2008-10-24 Thread Pramod Batni

> I would greatly appreciate it if you could open the bug, I don't have an
> opensolaris bugzilla account yet and you'd probably put better technical
> details in it anyway :). If you do, could you please let me know the bug#
> so I can refer to it once S10U6 is out and I confirm it has the same
> behavior?
>   

   6763592 creating zfs filesystems gets slower as the number of zfs 
filesystems increase

Pramod

___
zfs-discuss mailing list
zfs-discuss@opensolaris.org
http://mail.opensolaris.org/mailman/listinfo/zfs-discuss


Re: [zfs-discuss] ZFS scalability in terms of file system count (or lack thereof) in S10U6

2008-10-23 Thread Paul B. Henson
On Thu, 23 Oct 2008, Pramod Batni wrote:

> On 10/23/08 08:19, Paul B. Henson wrote:
> >
> > Ok, that leads to another question, why does creating a new ZFS filesystem
> > require determining if any of the existing filesystems in the dataset are
> > mounted :)?
>
> I am not sure. All the checking is done as part of the libshare's sa_init
> which is calling into sa_get_zfs_shares().

It does make a big difference whether or not sharenfs is enabled, I haven't
finished my testing, but at 5000 filesystems it takes about 30 seconds to
create a new filesystem and over 30 minutes to reboot if they are shared,
but only 7 seconds to make a filesystem and about 15 minutes to reboot if
they are not.

> You could do that else I can open a bug for you citing the Nevada
> build [b97] you are using.

I would greatly appreciate it if you could open the bug, I don't have an
opensolaris bugzilla account yet and you'd probably put better technical
details in it anyway :). If you do, could you please let me know the bug#
so I can refer to it once S10U6 is out and I confirm it has the same
behavior?

Thanks much...


-- 
Paul B. Henson  |  (909) 979-6361  |  http://www.csupomona.edu/~henson/
Operating Systems and Network Analyst  |  [EMAIL PROTECTED]
California State Polytechnic University  |  Pomona CA 91768
___
zfs-discuss mailing list
zfs-discuss@opensolaris.org
http://mail.opensolaris.org/mailman/listinfo/zfs-discuss


Re: [zfs-discuss] ZFS scalability in terms of file system count (or lack thereof) in S10U6

2008-10-23 Thread Pramod Batni



On 10/23/08 08:19, Paul B. Henson wrote:

On Tue, 21 Oct 2008, Pramod Batni wrote:

  

Why does creating a new ZFS filesystem require enumerating all existing
ones?
  

  This is to determine if any of the filesystems in the dataset are mounted.

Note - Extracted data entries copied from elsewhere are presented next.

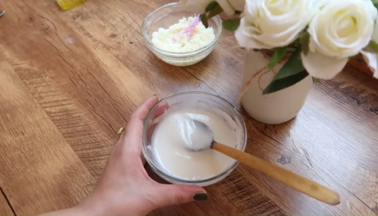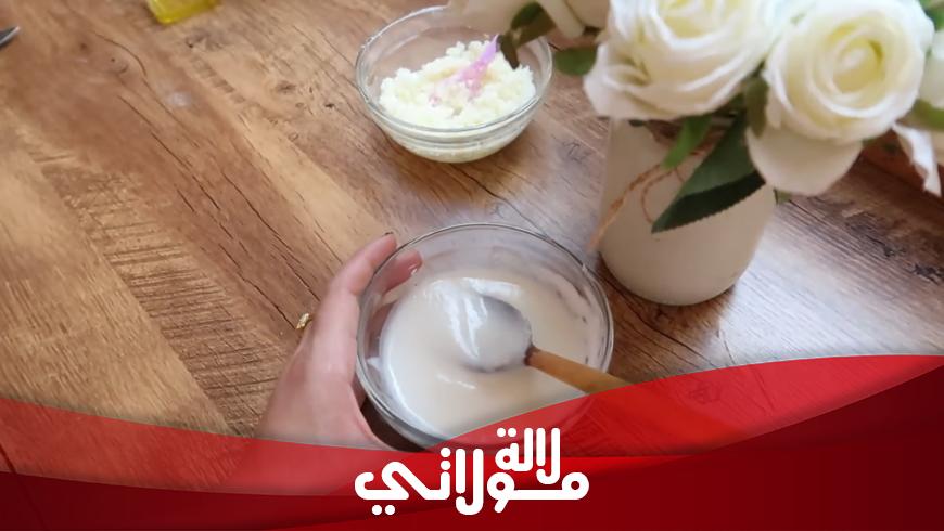 المكونات : 3 ملاعق من الفازلين الطبي + ملعقة من زيت جوز الهند + ملعقة من النشا الناعم
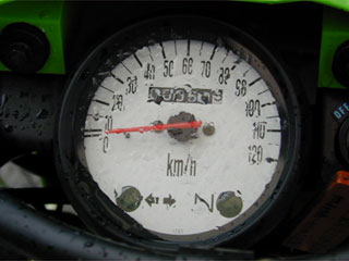 スピードメータ 白色のパネルを採用したことにより、視認性を高めています、最近自動車にもおおいですよね。 ニュートラルとターンインジケータしか警告灯がありませんので非常にシンプルです、120Km/hスケールの文字盤は一見速そうなバイクに見えます。 トリップメータは残念ながら追加されませんでした。 |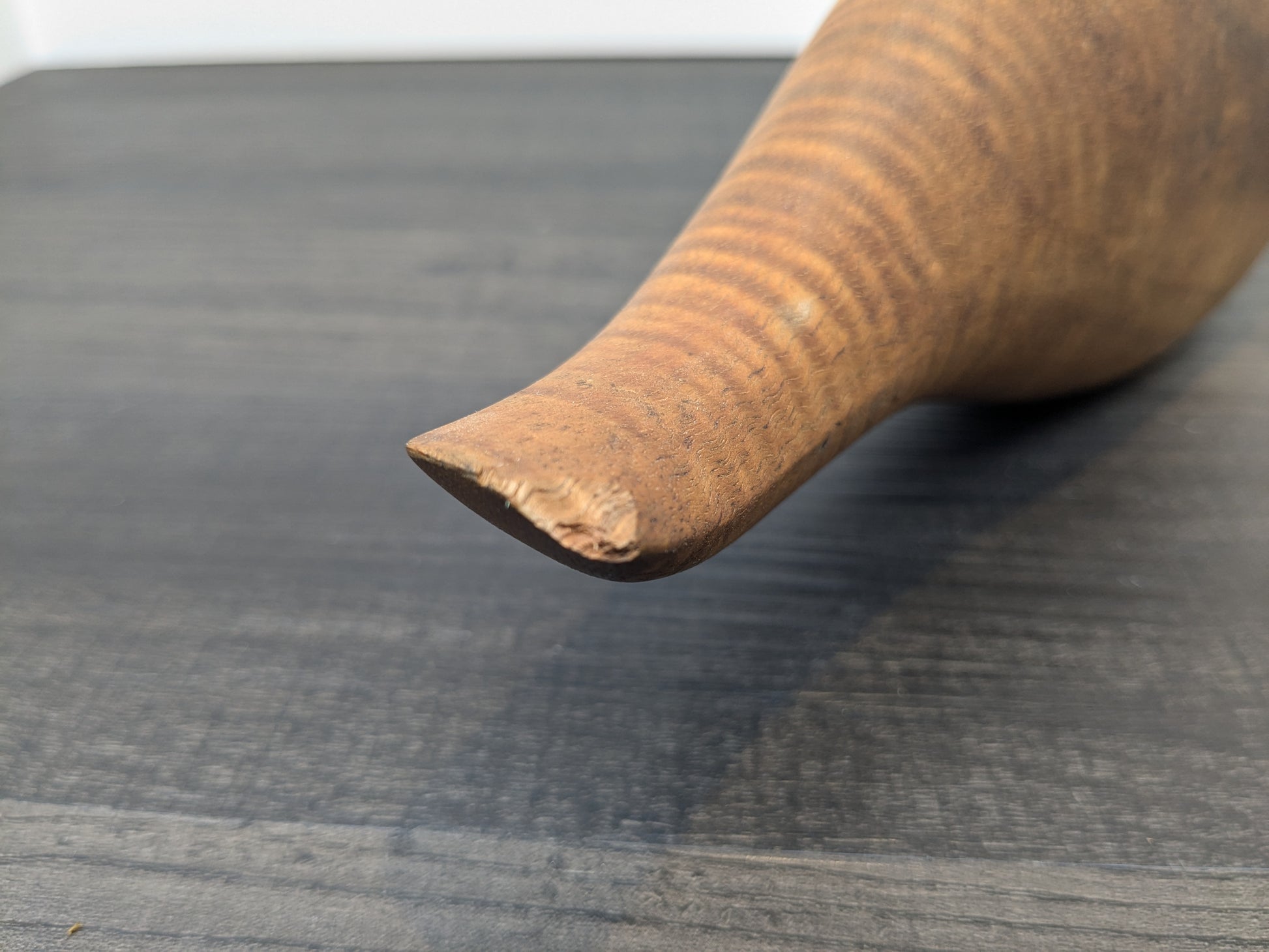 Sculpture has one wood nick on back end (see photos), visible from certain angles but does not detract from the overall aesthetic of this piece.

Ok, that leads to another question, why does creating a new ZFS filesystem
require determining if any of the existing filesystems in the dataset are
mounted :)? I could see checking the parent filesystems, but why the
siblings?

  

 I am not sure.
 All the checking is done as part of the libshare's sa_init which is 
calling into sa_get_zfs_shares().



In any case a bug can be filed on this.



Should I open a sun support call to request such a bug? I guess I should
wait until U6 is released, I don't have support for SXCE...
  
 You could do that else I can open a bug for you citing the Nevada 
build [b97] you are using.


Pramod

Thanks...


  
___
zfs-discuss mailing list
zfs-discuss@opensolaris.org
http://mail.opensolaris.org/mailman/listinfo/zfs-discuss


Re: [zfs-discuss] ZFS scalability in terms of file system count (or lack thereof) in S10U6

2008-10-22 Thread Paul B. Henson
On Tue, 21 Oct 2008, Pramod Batni wrote:

> > Why does creating a new ZFS filesystem require enumerating all existing
> > ones?
>
>   This is to determine if any of the filesystems in the dataset are mounted.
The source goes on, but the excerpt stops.